Last edited by acid_kewpie; 10-31-2002 at 06:26 PM.
No that is ok harsh is good sometimes.. but im a newbie at shell scripting.. i really dont have money to get a book yet.. but if you can help me fix this... or if you can fix my code.. with were i have the errors.. then i can understand more.. if ok with you
it's normally against my religion to solve peoples code for them, but...
Code:
echo please enter second passwd
read pass
if [ $pass == pass ]
then
echo passwd correct you may procced
# DO SOMETHING
else
echo pass incorrect
# DO SOMETHING ELSE
fi
Hhmm that is weard ... as far as i know.. from the tuts that i have read.. i see
if [ "blah" =="blah" ] but since i removed them and added another space in [] now it works.. but why... when i read a tut in some site...(will find site again) it says that it is the correct way?

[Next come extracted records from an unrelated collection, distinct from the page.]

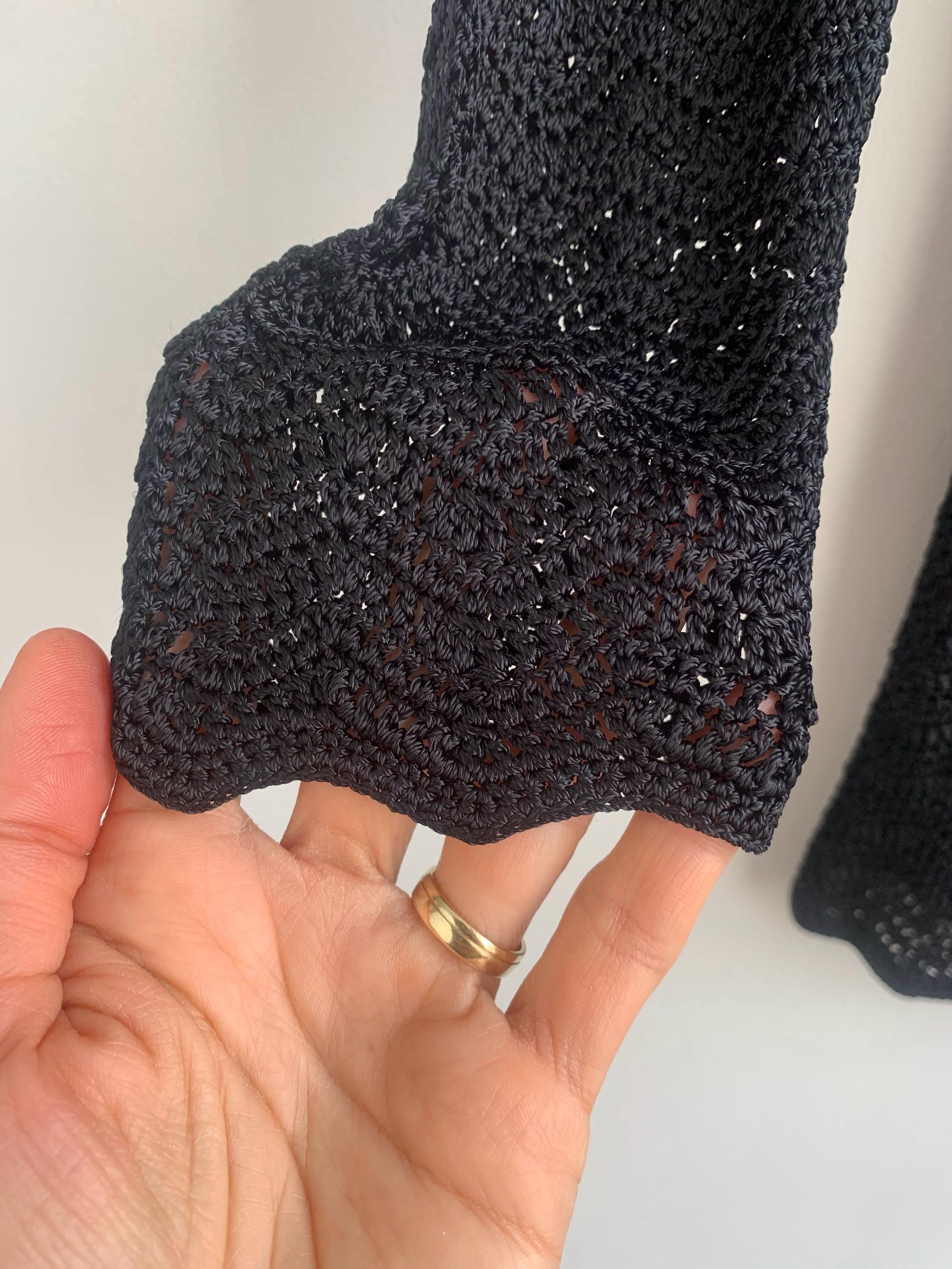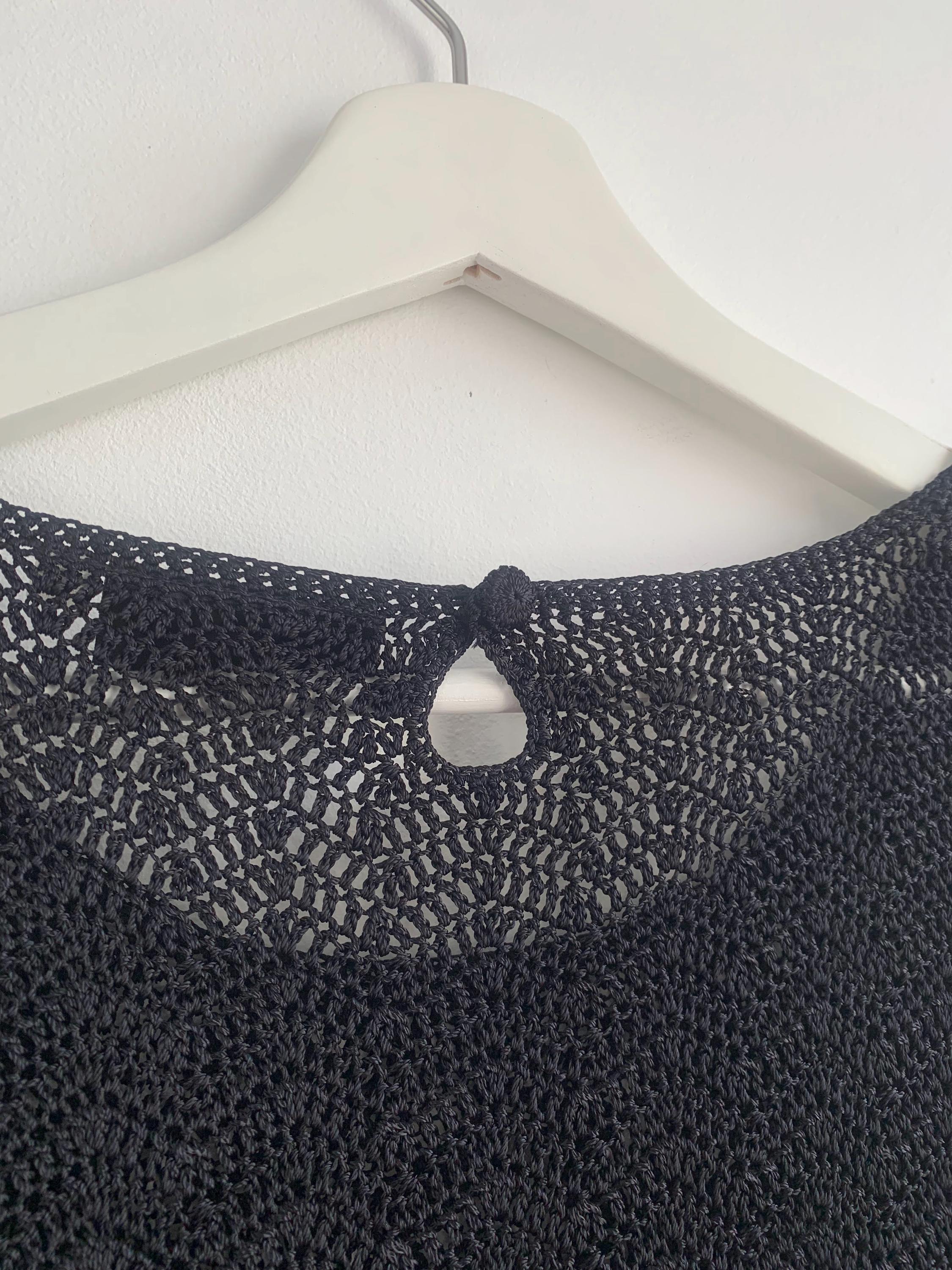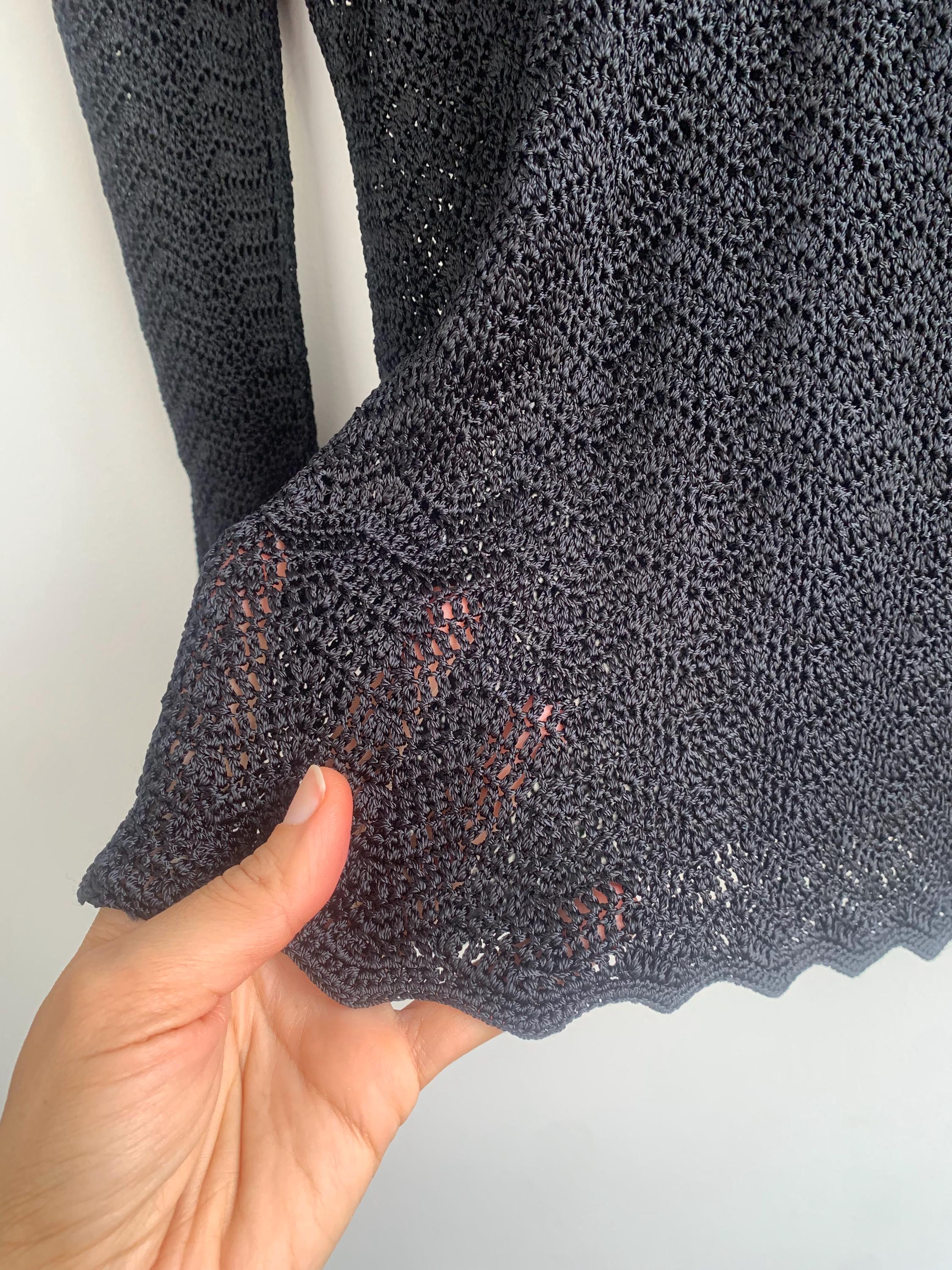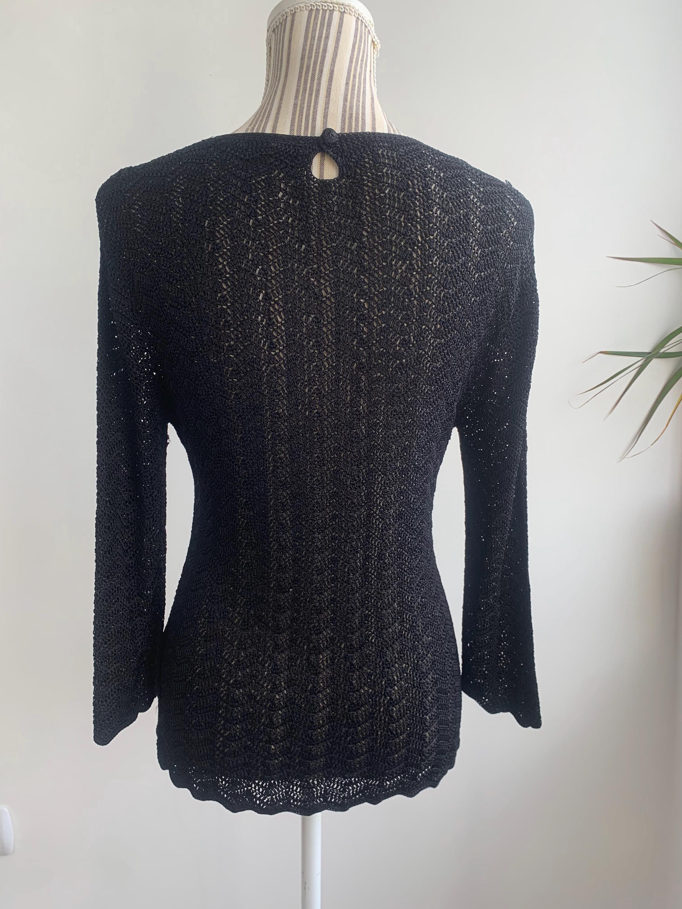 This is a pretty black lace pullover sweater with chevron pattern, scoop neck and button back. This mesh sweater top is made of shiny silky viscose thread in black color. This gorgeous mesh crochet sweater has 3/4 sleeves with scalloped edges. It would best fit size M or L. Please check the measurements below.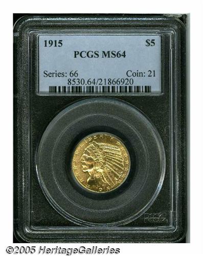 <B>1915<$5> MS64 PCGS.</B></I> A beautiful, exceptionally lustrous coin that appears superior for the grade. Smooth surfaces with satiny luster display a few contact marks on the reverse. A conditionally scarce issue.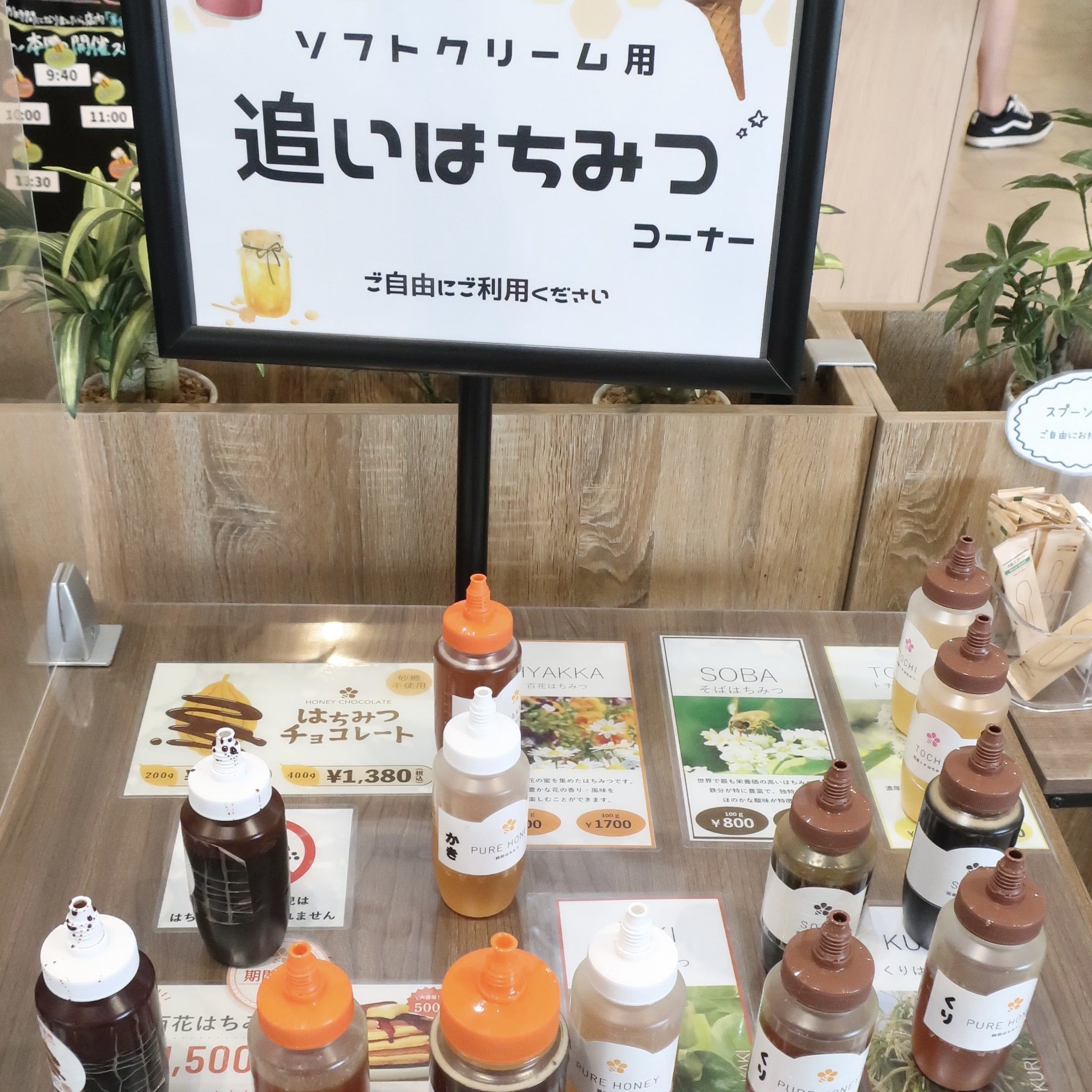 お客様が多かったので試食コーナーの写真は撮っていないのですが、使い捨てスプーンが置いてあり、様々な種類のはちみつのボトルが置いてあるので自由に味わえます。

Uhm, not to intrude here, but may I warn agains unquoted variables since the shell usually separates everything thrown at it by space?: if [ "$pass" = "pass" ]; then
And you won't need a double equal sign.
well its fine this way.. just one more prob.. it keeps saying pass is not correct.. for some reason.. errr its really anoying check it out
Code:
echo "please enter second passwd"
pass="***********"
read pass
if [ $pass == pass ]
then
echo "passwd correct you may procced"
elif [ $pass != pass ]
then
echo "pass incorrect"
else
echo "Please enter pass"
fi
There is no difference between the last two if branches. $pass is either equal to pass or not, it can't also be something different. If you wanted to check for an empty $pass then you should do something like:
if [ -z "$pass" ]
then
echo "Please enter pass"
fi
If you had listened to my advice and properly quoted variables you would have ended up with "if [ "$pass" = "pass" ]" , which in turn would translate in bashspeak to
'if' '[' '' '=' 'pass' ']'. By not quoting and then providing an empty value for pass you end up with one part where "=" (thats binary operator) cannot operate on.
Like Mik suggested you should test for empty string.
I like to do it like this:
if [ "${pass:?"not_defined"}" = "pass" ]; then echo "passwd correct you may procced"; else echo "Please enter pass"; fi
This way it always gets assigned a (bogoid) value indicating zomesing's vrronkk.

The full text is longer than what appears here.